Photoshop: The Photoshop team has published their own blog post about the OS X upgrade, Photoshop & Mac OSX 10.10 (Yosemite). In it they say that they tested Photoshop CS6 through Photoshop CC and found no issues. However, the comments section of that post contains a lively discussion of issues some users are running into. For example, it has been discovered that the Yosemite installer might corrupt an existing Photoshop CS5 installation; if this happens reinstall Photoshop CS5 and then it should work.

In Photoshop CS6 in OS X 10.8 through 10.10, if you are having problems with keyboard shortcuts or brushes, including lags when painting, and especially with a Wacom tablet connected, you may need to install the “white window workaround” plug-in and try updating your Wacom driver. Adobe is reportedly working with Apple and Wacom on the problem.
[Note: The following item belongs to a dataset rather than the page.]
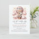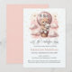 "Låt Äventyr påbörja" kallades babyduschinbjudan med en vacker orange genom att kattungen håller en nalle på en luftballong i rosa moln och omgivande guld-stjärnor i rosa vattenfärger. Vit stjärna mönster på rosa på inbjudan baksida. Mallar finns.

Although Photoshop CS3, CS4, and CS5 were not extensively tested on Yosemite by Adobe, I upgraded a test Mac to Yosemite with those versions of Photoshop already installed and have been able to run them. License activation and deactivation work fine. However, I have not had time to try printing or serious editing with them.

Photoshop CS3 working in OS X Yosemite.

Photoshop CS3 is the oldest version that works in OS X Yosemite.

Photoshop Elements 11 or 12 may slow down or become unresponsive in Yosemite. In the tech note Photoshop Elements stops responding after Mac OS update to Yosemite, Adobe says this is a problem related to the trackpad and can be worked around by using a mouse. Apparently this is not a problem in the current version, Photoshop Elements 13.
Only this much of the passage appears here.